**AIM OF THE TASK**
Write the records out again exactly, but without pictures.
-- INPUT MATERIAL follows --
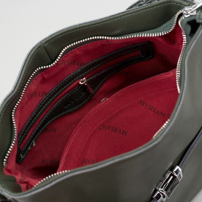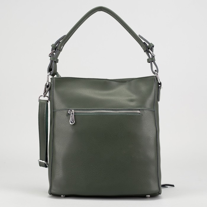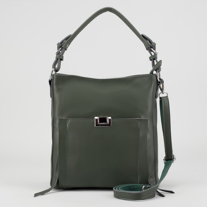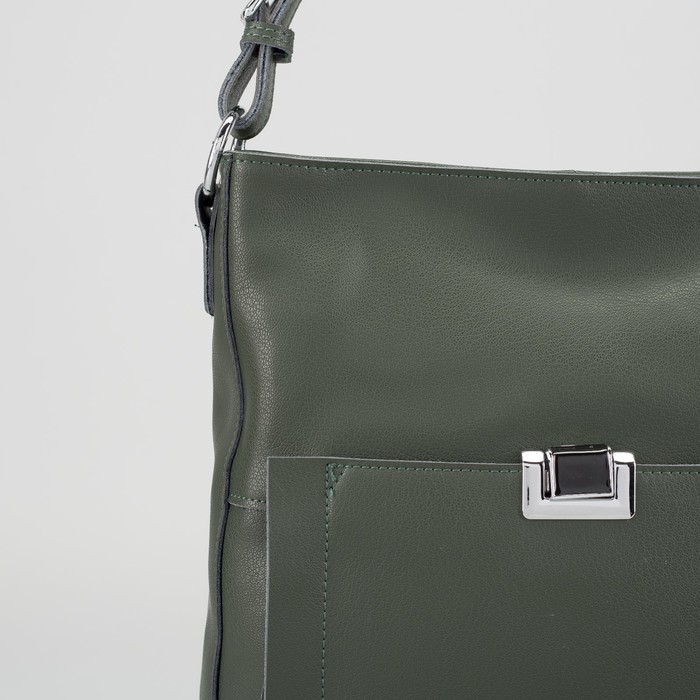 Сумка женская на молнии, 1 отдел с перегородкой, 4 наружных кармана, длинный ремень, цвет зелёный
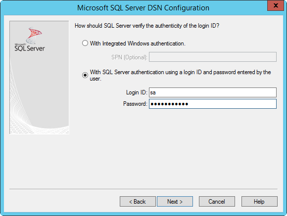 En cas d’authentification Windows intégrée, quittez l’option « SPN (en option) » vide :
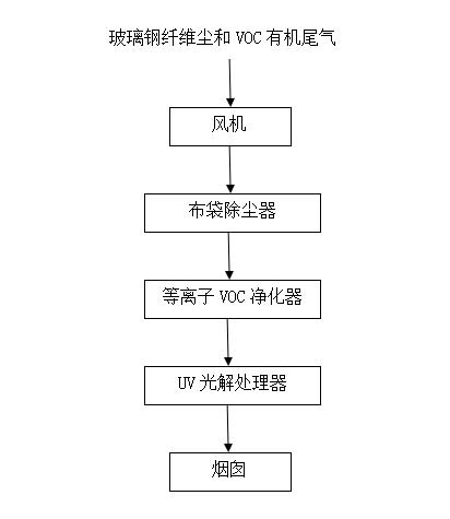 玻璃鋼噴涂固化車間內(nèi)噴射機(jī)將玻璃鋼纖維與合成樹(shù)脂混合噴射,其中玻璃鋼纖維塵與合成樹(shù)脂中的揮發(fā)性有機(jī)尾氣為主要污染物,擬采用側(cè)吸式集氣罩將密封操作間內(nèi)的浮塵與合成樹(shù)脂中揮發(fā)的有機(jī)尾氣集中收集,通過(guò)管道送入布袋除塵器,首先過(guò)濾回收玻璃鋼纖維塵,經(jīng)過(guò)濾后有機(jī)尾氣進(jìn)入等離子VOC凈化器進(jìn)行吸附-分解-裂解過(guò)程,然后進(jìn)入U(xiǎn)V光解處理器,利用紫外線催化空氣產(chǎn)生臭氧,在臭氧和紫外線雙重作用下,催化裂解有機(jī)廢氣。最終清潔氣體排入大氣。
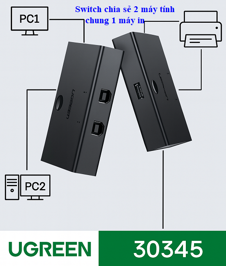 Giải pháp hoàn hảo chính là Switch chia sẻ Ugreen 30345 – thiết bị cho phép 2 máy tính chia sẻ cùng 1 máy in, ổ cứng, scanner hoặc USB qua cổng USB 2.0 tốc độ cao.
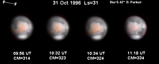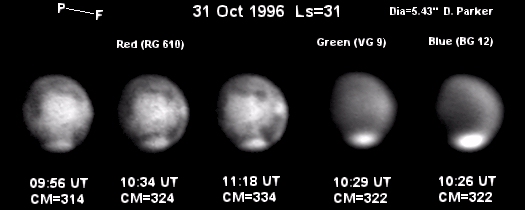 Images dp_oct-31bw.jpg (47K) and dp_oct-31.jpg (47K) are the third in a series of images taken by Don Parker, Coral Gables, Florida (USA). He uses a Lynxx PC camera, 16-in (41 cm) Newtonian. Eyepiece projection is at f/50.7 for these images. Integration times are as follows:
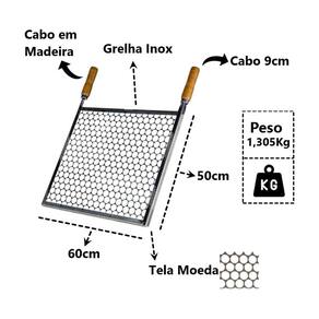 Grelha Retangular Inox Tela Moeda Para Churrasqueira 60x50cm
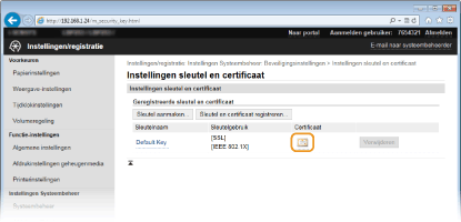 Klik op [Beveiligingsinstellingen]  [Instellingen sleutel en certificaat] of [Instellingen CA-certificaat].
-- INPUT MATERIAL concluded --
**EXERCISE OUTPUT**
 Сумка женская на молнии, 1 отдел с перегородкой, 4 наружных кармана, длинный ремень, цвет зелёный
 En cas d’authentification Windows intégrée, quittez l’option « SPN (en option) » vide :
 玻璃鋼噴涂固化車間內(nèi)噴射機(jī)將玻璃鋼纖維與合成樹(shù)脂混合噴射,其中玻璃鋼纖維塵與合成樹(shù)脂中的揮發(fā)性有機(jī)尾氣為主要污染物,擬采用側(cè)吸式集氣罩將密封操作間內(nèi)的浮塵與合成樹(shù)脂中揮發(fā)的有機(jī)尾氣集中收集,通過(guò)管道送入布袋除塵器,首先過(guò)濾回收玻璃鋼纖維塵,經(jīng)過(guò)濾后有機(jī)尾氣進(jìn)入等離子VOC凈化器進(jìn)行吸附-分解-裂解過(guò)程,然后進(jìn)入U(xiǎn)V光解處理器,利用紫外線催化空氣產(chǎn)生臭氧,在臭氧和紫外線雙重作用下,催化裂解有機(jī)廢氣。最終清潔氣體排入大氣。
 Giải pháp hoàn hảo chính là Switch chia sẻ Ugreen 30345 – thiết bị cho phép 2 máy tính chia sẻ cùng 1 máy in, ổ cứng, scanner hoặc USB qua cổng USB 2.0 tốc độ cao.
 Images dp_oct-31bw.jpg (47K) and dp_oct-31.jpg (47K) are the third in a series of images taken by Don Parker, Coral Gables, Florida (USA). He uses a Lynxx PC camera, 16-in (41 cm) Newtonian. Eyepiece projection is at f/50.7 for these images. Integration times are as follows:
 Grelha Retangular Inox Tela Moeda Para Churrasqueira 60x50cm
 Klik op [Beveiligingsinstellingen]  [Instellingen sleutel en certificaat] of [Instellingen CA-certificaat].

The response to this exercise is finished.